「ホタルといえば、きれいな川の近くにすむ生きもの」。そんなイメージを持っている人は多いのではないでしょうか。しかし、私たちの街、大阪府豊中市春日町に生息している「ヒメボタル」は、その常識を大きく覆す非常に珍しい生態を持っています。
夏休みの自由研究や理科の探究学習テーマを探している小学校高学年や中学生の皆さんにとって、身近な地域に息づく野生のヒメボタルは、最高の題材です。なぜなら、そこには「生物の進化の不思議」と「都市化のなかで自然環境を守るためのリアルな仕組み」という、2つの深い研究テーマが隠されているからです。
この記事では、豊中市が公開している公式データや保全地区の背景をもとに、一歩踏み込んだ質の高いレポートを作成するための「問い」と「考察」の進め方を詳しくガイドします。ただ事実を並べるだけでなく、「なぜ?」を理科的に掘り下げて自分の意見を論理的にまとめる、本格的な自由研究・探究学習をここから始めましょう。
理科の自由研究・探究の問い①|川がないのに、なぜヒメボタルは生きていけるのか?(生態の謎)

まず挑戦したい最初の問いは、彼らの野生の生態に関する謎です。川や池がない豊中北部の市街地で、ホタルたちが命を繋いでいける理由を科学的に解き明かします。
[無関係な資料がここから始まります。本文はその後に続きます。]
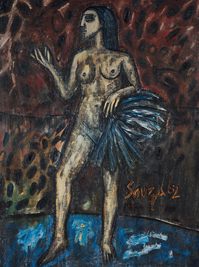 Souza's fascination with the female figure and the nude dominated a large body of works. He admired and held them in fear, and this conflict is apparent in many of his paintings. They carried a personal stamp, filtering the subject through the artist's eyes for the viewer. Writing about his approach to the nude, art critic Edwin Mullins noted, "He treats the erotic in several ways....His nudes are only occasionally painted as beautiful or even...

1. 一生を陸の上だけで過ごす「陸生ホタル」という真実
理科の教科書によく登場するゲンジボタルやヘイケボタルは、幼虫の時期を水の中で過ごし、カワニナという水生巻貝を食べて育ちます。しかし、ヒメボタルは卵から幼虫、サナギ、成虫に至るまで、完全に陸の上の草むらや竹林、落ち葉の下で過ごす「陸生(りくせい)」のホタルです。[1]
2. 知られざる幼虫期の主食「カタツムリの仲間」
水のない陸上で、ヒメボタルの幼虫は一体何を食べているのでしょうか。正解は、陸にすむ小さな巻貝やカタツムリの仲間です。特に、薄暗く湿った竹林や落ち葉の隙間に多く生息する「キセルガイ」などを主食にしています。つまり、ヒメボタルがすむためには、彼らのエサとなる「他の小さな生きもの(貝類)」が豊かに育つ豊かな土壌環境が絶対に欠かせないということが分かります。
レポート作成のヒント:「ゲンジボタル(水生)」と「ヒメボタル(陸生)」の、すむ場所・エサ・光り方の違いを二つの列に分けた【比較表】を作ってノートに載せてみましょう。これだけで一気に科学的な観察レポートらしくなります。
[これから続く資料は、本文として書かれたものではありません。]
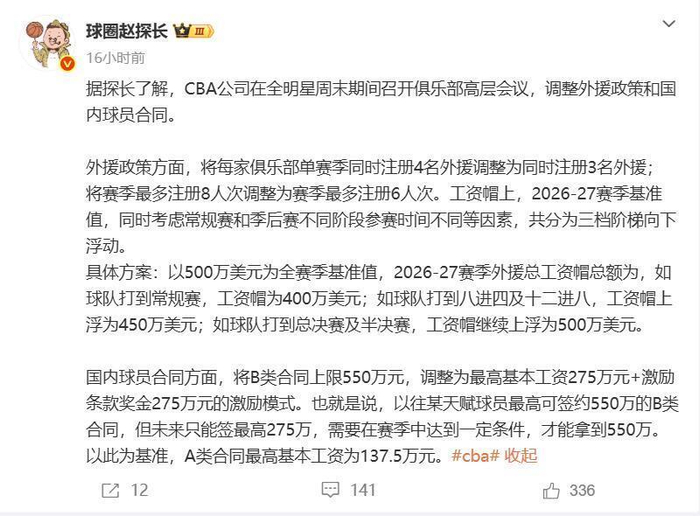 根据媒体人所讲,CBA公司在全明星赛期间召开高层会议,下赛季每支球队最多可以同时注册3名外援(本赛季为4名),下赛季外援注册人次调整为6人次(本赛季为8人次,上赛季没有限制);另外关于外援工资帽的问题,只打常规赛的球队外援工资帽是400万美元,打到季后赛12强或者8强的球队,外援工资帽是450万美元,半决赛(四强)的球队外援工资帽是500万美元。

社会・環境の探究の問い②|なぜ大都会・豊中の「春日町」に奇跡的に残されたのか?(保全の仕組み)

次の問いは、地理や社会、環境問題に関係する謎です。周辺の開発が進み、美しい住宅街が広がるロマンチック街道周辺において、なぜこの春日町の約1ヘクタールだけがホタルのすみかとして残ったのでしょうか。
1. 「特別緑地保全地区」という強力な法的ルールの存在
豊中市は、2016年(平成28年)2月29日に、春日町2丁目・3丁目の樹林地を都市緑地法に基づく「春日町ヒメボタル特別緑地保全地区」に指定しました。[2]これは、市街地の貴重な緑を将来にわたって壊さないよう、行政が法律に基づいて厳格に土地開発を制限し、緑地を守る仕組みです。制度という確かな守りがあるからこそ、ホタルのおうちは維持されています。
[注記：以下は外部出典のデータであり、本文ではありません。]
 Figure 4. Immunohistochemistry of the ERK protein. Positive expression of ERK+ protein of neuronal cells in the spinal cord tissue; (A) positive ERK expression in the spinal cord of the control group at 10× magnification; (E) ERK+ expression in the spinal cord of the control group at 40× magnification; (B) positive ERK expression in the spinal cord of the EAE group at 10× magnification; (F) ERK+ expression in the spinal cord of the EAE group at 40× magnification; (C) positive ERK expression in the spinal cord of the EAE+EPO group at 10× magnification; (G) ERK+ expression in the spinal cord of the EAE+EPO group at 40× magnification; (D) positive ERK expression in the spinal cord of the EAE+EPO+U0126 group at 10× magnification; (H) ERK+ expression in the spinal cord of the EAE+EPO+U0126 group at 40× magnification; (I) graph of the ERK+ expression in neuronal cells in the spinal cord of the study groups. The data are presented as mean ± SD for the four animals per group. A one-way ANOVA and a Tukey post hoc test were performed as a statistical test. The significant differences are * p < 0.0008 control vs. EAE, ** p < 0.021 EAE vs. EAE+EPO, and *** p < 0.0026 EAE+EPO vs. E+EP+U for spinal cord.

2. 4つの組織が手を取り合う「協働(きょうどう)の汗」
しかし、法律で場所を決めるだけでは、竹や草が伸び放題になり、やがて光が遮られてホタルはいなくなってしまいます。そこで豊中市では、「豊中ヒメボタルを守る会」「地元自治会」「NPO法人とよなか市民環境会議アジェンダ21自然部会」、そして「行政(豊中市)」の4者が連携し、定期的な竹の間伐、林床(りんしょう:森の地面)の整備、ゴミ拾いなどを継続しています。[1]
社会科・環境学習としての着眼点:一つの自然環境を維持するために、ボランティア(市民)、住民(自治会)、専門家(NPO)、行政(市役所)がそれぞれどんな役割を果たしているのか、「地域のつながり」の視点から考察を深めてみましょう。
現地調査・フィールドワーク|昼間のロマンチック街道周辺を歩き、地形と環境を考察する

高学年・中学生の探究学習では、現地に実際に足を運ぶ「フィールドワーク(地域調査)」が最大の武器になります。夏休みのお天気の日、日中に周辺を実際に歩いて、地形や環境を観察してみましょう。
1. 地形の「高低差」と「湿気」の関係に気づく
ロマンチック街道の北端交差点から春日町、北緑丘、向丘にかけて歩いてみると、土地がなだらかな坂になっており、特有の傾斜(アップダウン)があることに気づくはずです。保全地区となっている斜面地や窪地には、直射日光を遮る大きな樹木や竹林が茂り、地面がカラカラに乾かず、ヒメボタルのエサ(キセルガイなど)がすむのに適した「ほどよい湿度」が自然に保たれやすい地形構造になっています。
2. 人間の暮らしと野生の境界線を記録する
すぐ目の前には美しい住宅街や道路があるのに、一歩中に入ると豊かな森がある。その境界線(バッファゾーン)がどのように維持されているか、周囲の看板やフェンス、道幅などを観察し、気づいたことをメモしたり写真を撮ったりしてレポートに「現地調査お散歩マップ」として貼り付けてみましょう。
フィールドワークでの観察チェックポイント:
- 保全地区の周りには、どんな木(竹、広葉樹など)がどれくらいの密度で生えているか?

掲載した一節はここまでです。